In 1991, Nadauld became a member of the LDS Church's Second Quorum of the Seventy, a full-time ecclesiastical appointment. For his entire tenure as a general authority, Nadauld was a counselor to Jack H. Goaslind in the general presidency of the church's Young Men organization. He served as a general authority until 1996, when he again returned to BYU as a professor of business management. From 2003 to 2006, Nadauld took a leave of absence from BYU to serve as president of the church's Switzerland Geneva Mission. Following this service, Nadauld returned as a faculty member at BYU.

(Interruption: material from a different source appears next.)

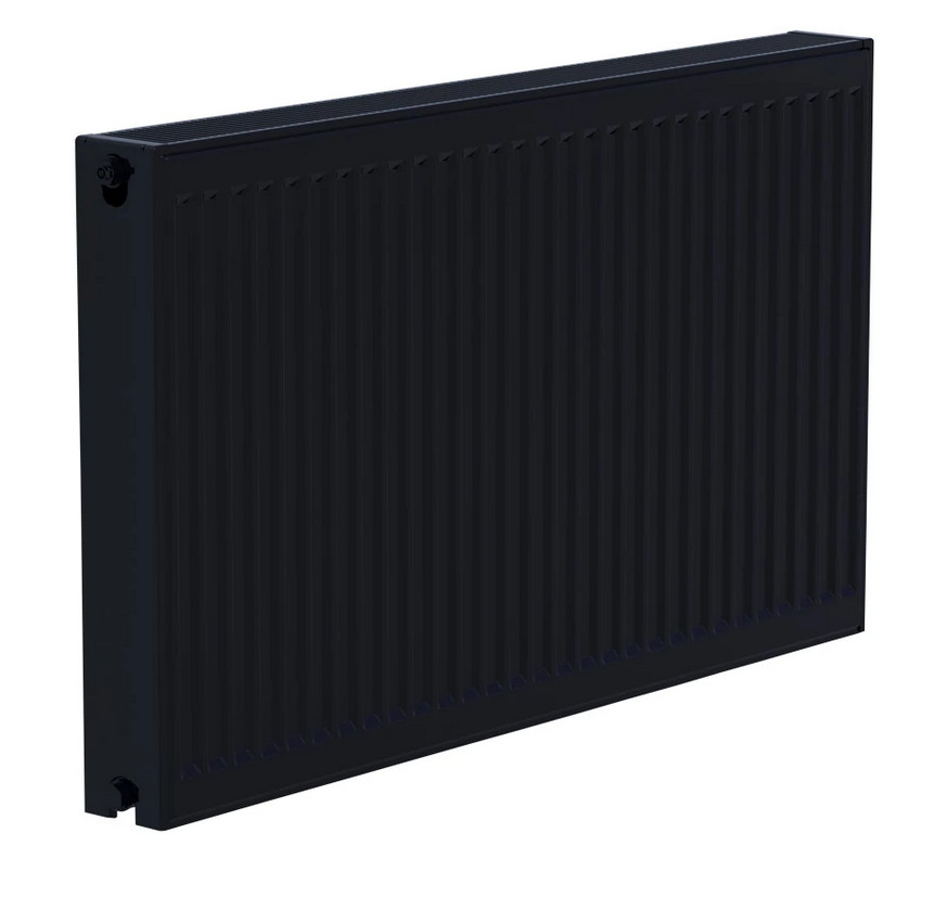 Elegáns fekete acél panelradiátor kiváló fűtőteljesítménnyel és modern dizájnnal. A 22-es típus dupla paneles, konvektoros kialakítással biztosítja az optimális hőleadást 2395 W teljesítménnyel, ideális választás lakások és irodák fűtésére.

On March 22, 2010, Nadauld was inaugurated as the 17th president of Dixie State College in St. George, Utah, after serving since March 27, 2008, as its interim president. During his presidency, the institution transitioned from a college to a university, formally being designated as such in February 2013. He retired at the end of the 2013–14 academic year.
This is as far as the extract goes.